Environment and Conservation Organisations of Aotearoa New Zealand
- Abbreviation: ECO
- Formation: 1971; 55 years ago
- Type: Environmental organisation
- Registration no.: CC41565
- Legal status: De-registered
- Headquarters: Wellington
- Staff: 1 (2020)
- Volunteers: 8 (2020)
- Website: eco.org.nz

= Environment and Conservation Organisations of Aotearoa New Zealand =

Environment and Conservation Organisations of Aotearoa New Zealand (ECO) was formed in 1971 under the name of CoEnCo. The name changed to ECO in 1976.

It is a non-profit umbrella group and network of around 50 organisations. It publishes ecolink, a quarterly newsletter sent out to members and supporters.

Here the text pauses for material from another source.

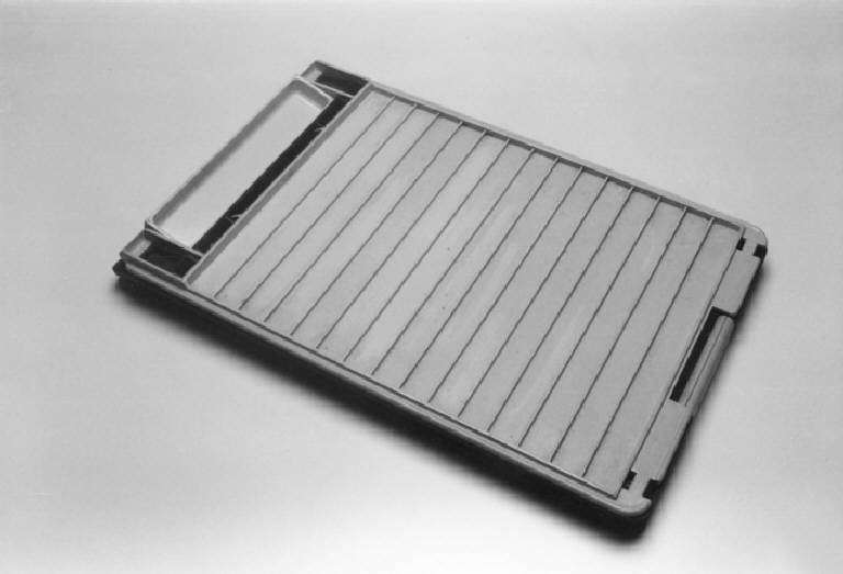 Modello di studio per portablocco composta da tavoletta rettangolare con nervature e, in corrispondenza di un bordo, piccola vaschetta contenitore rettangolare.

It was registered as a charity in 2009, but registration lapsed in 2023.

==Member organisations==

- Action for Environment Inc.
- Appropriate Technology for Living Association
- Bay of Islands Coastal Watchdog
- Bay of Islands Maritime Park
- Baywatch Hawkes Bay Environment Group
- Buller Conservation Group
- Civic Trust Auckland
- Clean Stream Waiheke
- Conscious Consumers
- Coromandel Watchdog of Hauraki
- Cycling Action Network
- East Harbour Environmental Association
- Eastern Bay of Islands Preservation Society
- EcoMatters Environment Trust
- Engineers for Social Responsibility
- Environmental Futures
- Forest & Bird
- Friends of Golden Bay
- Friends of Lewis Pass and Hurunui Catchment
- Friends of Nelson Haven and Tasman Bay
- Friends of the Earth - NZ
- Gecko - Victoria University Environment Group
- Greenpeace Aotearoa New Zealand
- Guardians of Pauatahanui Inlet
- Initial Volco Trust
- Island Bay Marine Education Centre
- Kaipatiki Project
- Marlborough Environment Centre INC
- Monarch Butterfly NZ Trust
- National Council of Women of NZ
- Nelson Environment Centre
- North Canterbury branch Forest & Bird
- Orari River Protection Group (Inc)
- Organics Aotearoa New Zealand
- Pacific Institute of Resource Management
- RESPONSE Trust
- Sandy Walker Group
- Save the Otago Peninsula
- Soil & Health Association of NZ
- South Coast Environment Society
- Students for Environmental Action
- Surfbreak Protection Society
- Sustainable Whanganui Trust
- Te Aroha Earthwatch
- Thames Coast Preservation and Protection Society
- Wellington Botanical Society INC
- Wellington Tramping and Mountaineering Club
- West Coast Environment Network
- Whaingaroa Environment Centre
- Wildlife Society, NZVA
- Yellow Eyed Penguin Trust

ECO also has around 500 'Friends', made up of individuals and other groups. ECO relies on funding from membership, grants and donations.